An Observation
For medium-size matrices, the overheads on passing matrices from R to C++ are massively slower for arma::mat
types than for NumericMatrix
types. Like taking around 250x as long. Here's a minimal example
对于中等大小的矩阵,从R到C ++传递矩阵的开销对于arma :: mat类型比对NumericMatrix类型要慢得多。喜欢长约250倍。这是一个最小的例子
#include <RcppArmadillo.h>
// [[Rcpp::depends(RcppArmadillo)]]
using namespace Rcpp;
using namespace arma;
// [[Rcpp::export]]
double test_nm( NumericMatrix X ) {
return 0.0 ;
}
// [[Rcpp::export]]
double test_arma( mat X ) {
return 0.0 ;
}
// [[Rcpp::export]]
double test_nm_conv( NumericMatrix X ) {
mat X_arma = as<mat>( X ) ;
return 0.0 ;
}
Then, in R:
然后,在R:
XX <- matrix( runif( 10000 ), 2000, 50 )
microbenchmark( test_nm( XX ), test_arma( XX ), ( XX ) )
Unit: microseconds
expr min lq mean median uq max neval
test_nm(XX) 5.541 16.154 16.0781 17.577 18.876 48.024 100
test_arma(XX) 1280.946 1337.706 1404.0824 1361.237 1389.476 3385.868 100
test_nm_conv(XX) 1277.417 1338.835 1393.4888 1358.128 1386.101 4355.533 100
So just passing a matrix as an arma::mat
type is around 250x slower than NumericMatrix
. That's crazy! So...
因此,将矩阵作为arma :: mat类型传递的速度比NumericMatrix慢约250倍。太疯狂了!所以...
Questions arising
- What's going on? Why is
mat
so much slower thanNumericMatrix
? - Is there a good way to deal with this? I've got a problem where I need to use an
arma::mat
for some fairly simple matrix algebra in a function that gets called a lot of times. I'm currently usingarma
types throughout, and my code is much slower than I expected (that's how I ended up cooking up the dumb examples above). A speed penalty of 250x is such a big deal that I'm about to rewrite large sections of code to useNumericMatrix
types throughout. In fact, I might end up writing my own matrix multiplication function forNumericMatrix
and abandonarma
types altogether. But before I do, are there any better solutions?

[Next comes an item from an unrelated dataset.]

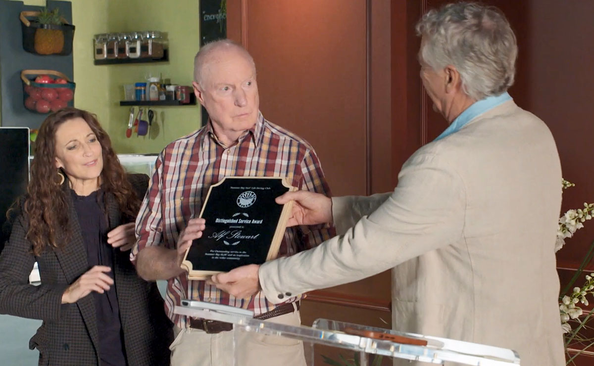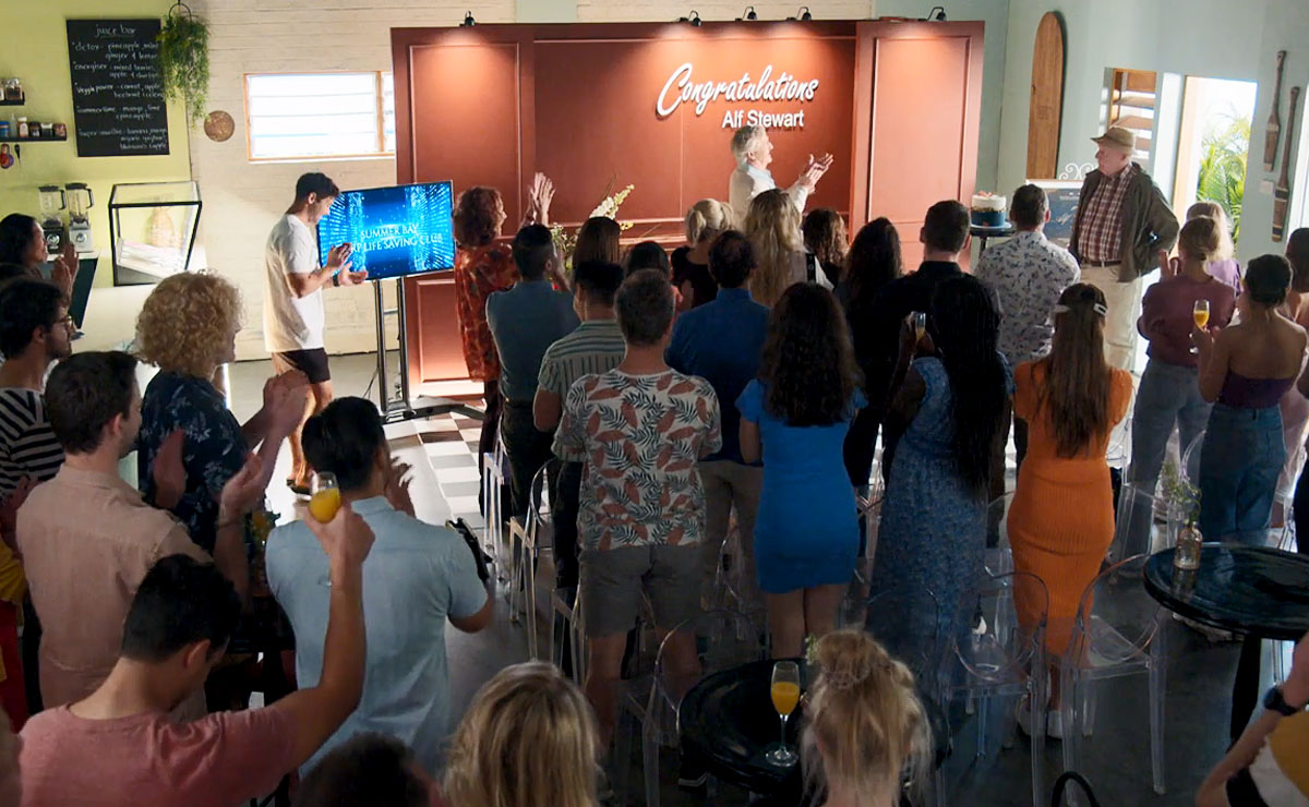 As a proud Marilyn, Roo, Irene and Leah (Ada Nicodemou) look on, a video slideshow is played, and Alf is presented both with a plaque and a tailored jacket sporting the surf club logo.
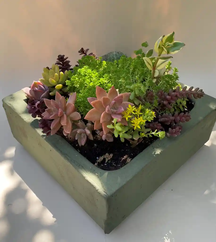 Jardín de 24 cm de diámetro en macetero de greda cuadrado color verde con más de 8 suculentas medianas en su interior.

这是怎么回事?为什么垫子比NumericMatrix慢得多?
有没有一个好方法来处理这个?我有一个问题,我需要在一个被调用很多次的函数中使用arma :: mat作为一些相当简单的矩阵代数。我目前正在使用arma类型,而且我的代码比我预期的要慢得多(这就是我最终编写上面的愚蠢示例)。 250x的速度惩罚是如此重要,我将重写大部分代码以使用NumericMatrix类型。事实上,我最终可能会为NumericMatrix编写自己的矩阵乘法函数,并完全抛弃arma类型。但在此之前,还有更好的解决方案吗?
(Although I guess another way to read this is not that arma::mat
is slow to convert from R types, but that the NumericMatrix
type is amazingly efficient!)
(虽然我想另一种方式来阅读这并不是说arma :: mat从R类型转换得很慢,但是NumericMatrix类型的效率非常高!)
1 个解决方案
#1
9
I believe this creates a new Armadillo matrix then copies the contents of your numeric matrix.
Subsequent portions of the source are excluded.